Ну ладно, допустим, захочу я оный бесперспективнячок (сиреневенький, напомню) героически преодолеть и позову Катю за себя, такого хорошего, замуж. Ну, во-первых, нет у меня уверенности, что она согласится. Барышня нацелилась на свободу, а не на удачное замужество, и у нее это всерьез. Во-вторых, у меня нет не то что уверенности, а и просто вообще никакого представления, как к этому отнесутся ее родители. Ладно, она генеральская дочь, я генеральский племянник, такое трогательное сходство может и сработать. А может и не сработать. А, в-третьих, с уверенностью насчет моего отца тут все в порядке. Я совершенно уверен в том, что боярин Левской велит мне выбросить эту дурь из головы, и таковые слова, пожалуй, будут самыми мягкими и добрыми, что я от него услышу. С отцом мне портить отношения никакого резона нет, значит, не стоит к нему с этой затеей соваться.

Опять же, если я так уж сильно захочу на Кате жениться, все надо будет делать быстро. Потому что на Рождество прусская королева примет Катю в свои фрейлины, и до начала охмурения кронпринца отсчет пойдет в лучшем случае на сутки, а то и на часы. А брать в жены чужую любовницу, пусть и бывшую (это если Катя вообще согласится) — с такой завиральной идеей соваться к отцу мне и в голову не придет. Нет, вовремя у меня раздвоение сознания случилось, ох и вовремя…

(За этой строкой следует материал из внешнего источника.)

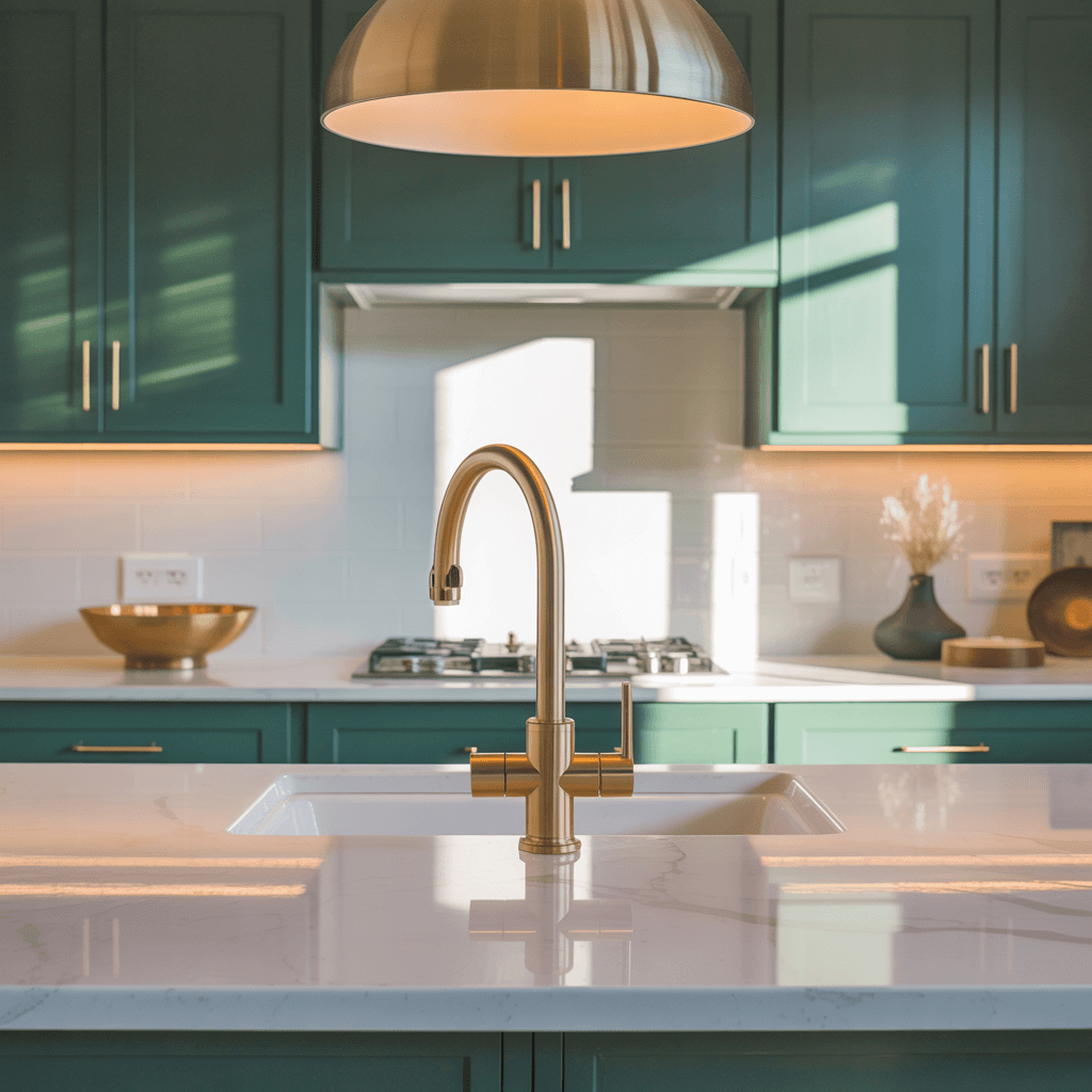 Okay, if brass is too subtle for you, let’s talk about going full glam with gold accents. Dark green and gold together? That’s some serious Great Gatsby energy right there. I’m talking gold faucets, gold cabinet hardware, maybe even a gold range hood if you’re feeling extra.

Катя заворочалась, открыла глаза и сладко потянулась. Так, размышления временно откладываются — радости и удовольствия от обладания столь прекрасной и раскрепощенной юной женщиной я себя лишать не собирался, благо, недолго и осталось. Впрочем, пока не вернулся Альберт, надо прояснить еще один вопросик. Но это потом, сейчас как воспитанный кавалер, я должен уделить внимание своей даме…

Уф-ф, уделил так уделил… Хорошо, что без обоюдной отключки. Нет, на какое-то время мы, конечно, из реальности выпали, но ненадолго — чувство голода вернуло нас к жизни.

— Катя, — начал я, когда мы придавили голод изрядным количеством потребленной пищи, — ты хоть помнишь, чем ты со мной поделилась, кроме любовной магии?

— Чем? — Катя заметно напряглась. Так, интересно, действительно не помнит или боится, что я раскрыл ее уловку?

— Тем, что хотел вытащить у тебя из головы доктор Вайсман.

— Вот как? — удивилась Катя. — И ты теперь это знаешь?

— Знаю, — подтвердил я.

— А я нет, — вздохнула она. — Что же там такого?

— Стопка смертных приговоров. Вот такая примерно, — растянув пальцы, я показал Кате толщину обещанной пачки — где-то с пядь[35].

— Нет, — Катя виновато помотала головушкой, — не могу вспомнить. А ты можешь проверить, у меня это хотя бы осталось? А то неудобно будет перед крестным…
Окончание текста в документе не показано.